Two liquid states of matter: A new dynamic line on a phase diagram

TL;DR

This paper reveals that supercritical liquids can exist in two distinct states, 'rigid' and 'non-rigid', separated by a new dynamic line on the phase diagram, which influences many physical properties.

Contribution

It introduces a new universal dynamic line on the phase diagram that distinguishes two liquid states beyond the critical point, supported by theoretical and empirical analysis.

Findings

Transition marked by loss of shear stiffness at all frequencies

Disappearance of high-frequency sound in the non-rigid state

Specific heat reduces to 2kB per particle in the non-rigid state

Abstract

It is generally agreed that the supercritical region of a liquid consists of one single state (supercritical fluid).

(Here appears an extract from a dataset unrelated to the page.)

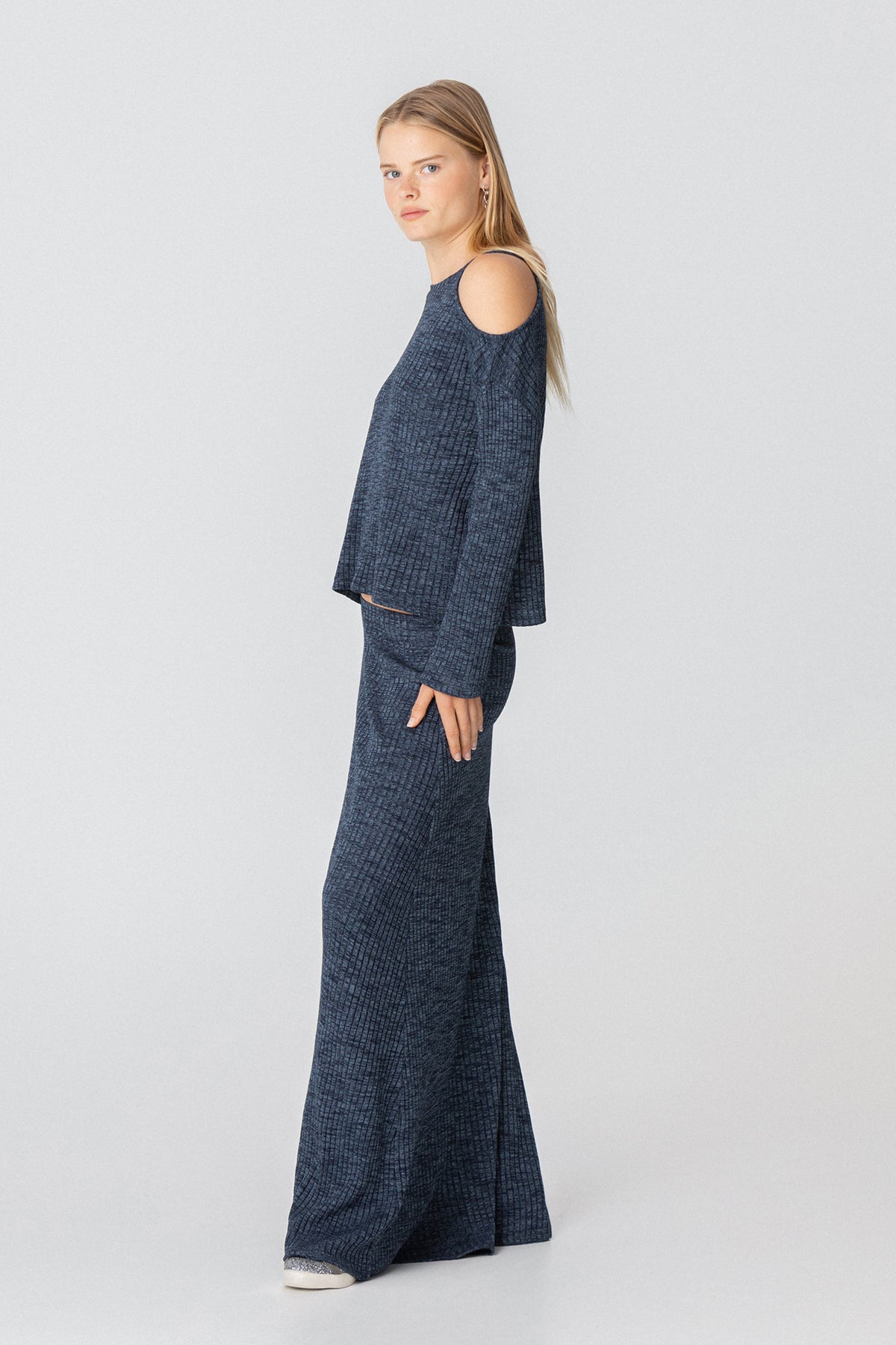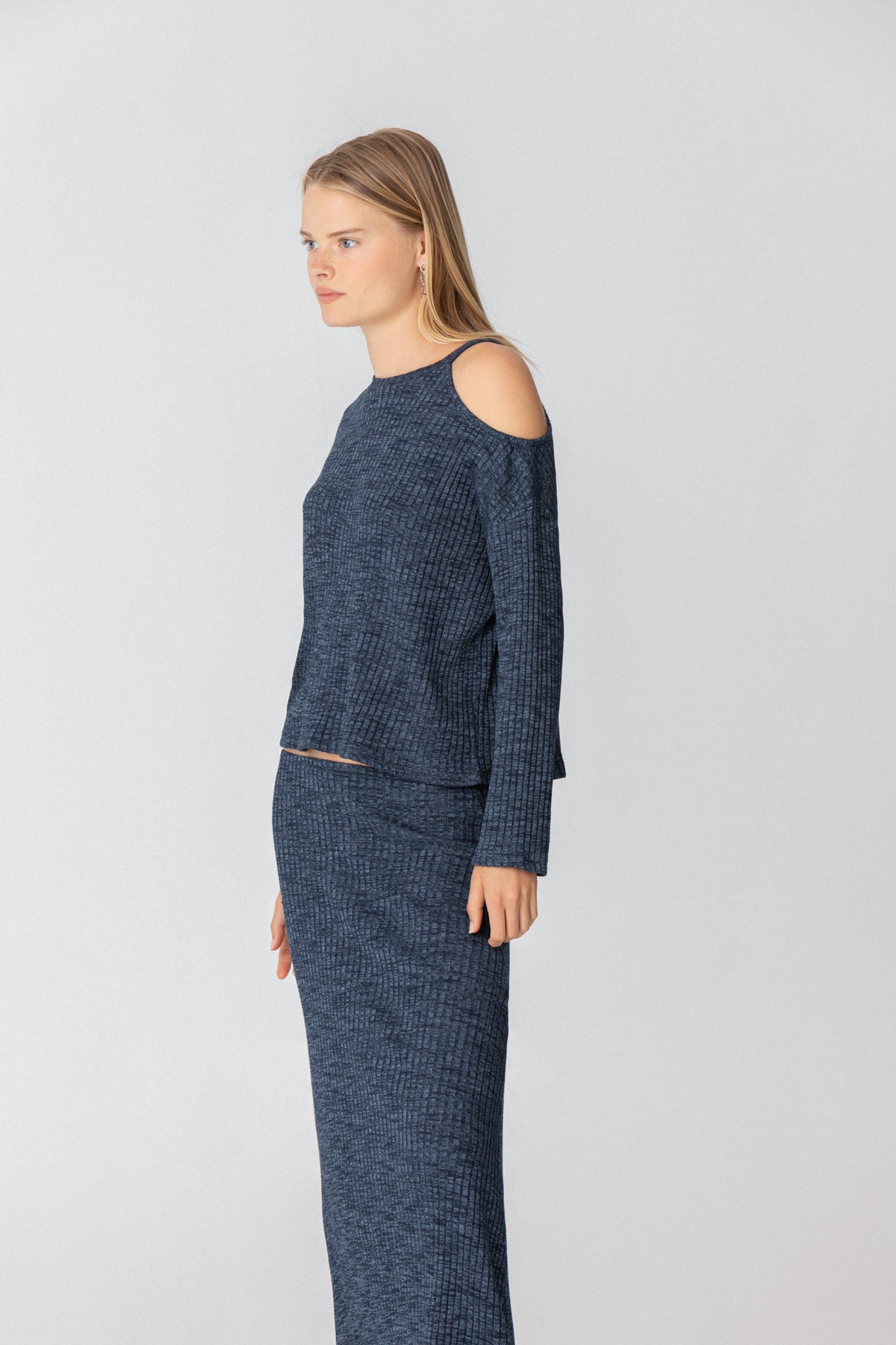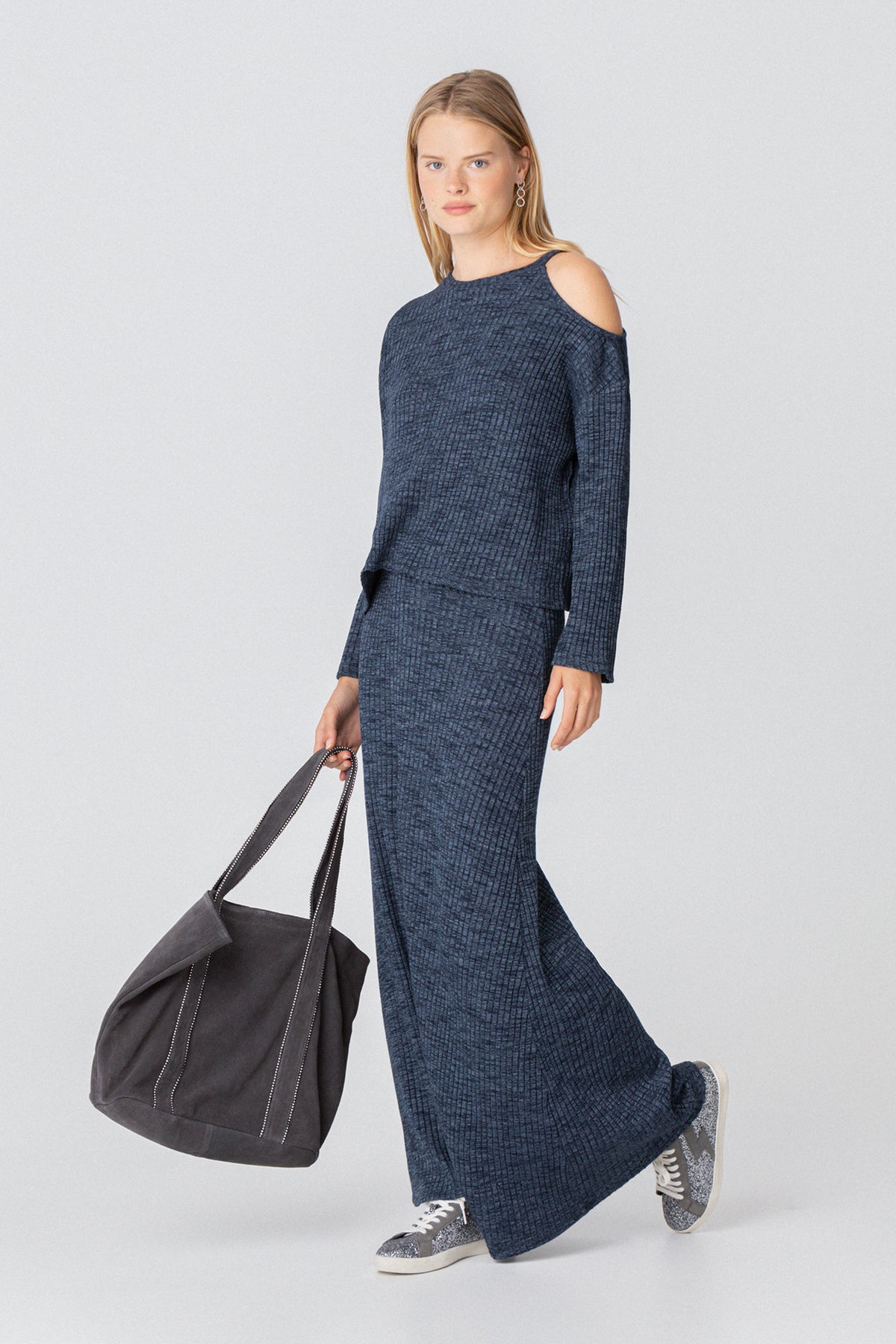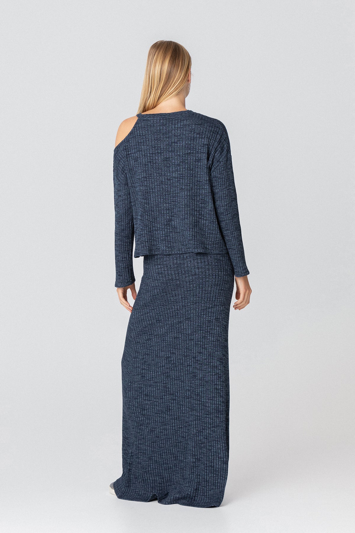 Falda Midi con Tejido Jaspeado Color Azul. Tejido elástico y suave que se ajusta perfectamente, y realza la figura. ¡Combínalo con la CAMISETA ABERTURA JASPEADO para conseguir un total look en tendencia!

On the other hand, we show here that liquids in this region exist in two qualitatively different states: "rigid" and "non-rigid" liquid. Rigid to non-rigid transition corresponds to the condition {\tau} ~ {\tau}0, where {\tau}is liquid relaxation time and {\tau}0 is the minimal period of transverse quasi-harmonic waves. This condition defines a new dynamic line on the phase diagram, and corresponds to the loss of shear stiffness of a liquid at all available frequencies, and consequently to the qualitative change of many important liquid properties. We analyze the dynamic line theoretically as well as in real and model liquids, and show that the transition corresponds to the disappearance of high-frequency sound, qualitative changes of diffusion and viscous flow, increase of particle thermal speed to half of the speed of sound and reduction of the constant volume specific heat to 2kB per particle. In contrast to the Widom line that exists near the critical point only, the new dynamic line is universal: it separates two liquid states at arbitrarily high pressure and temperature, and exists in systems where liquid - gas transition and the critical point are absent overall.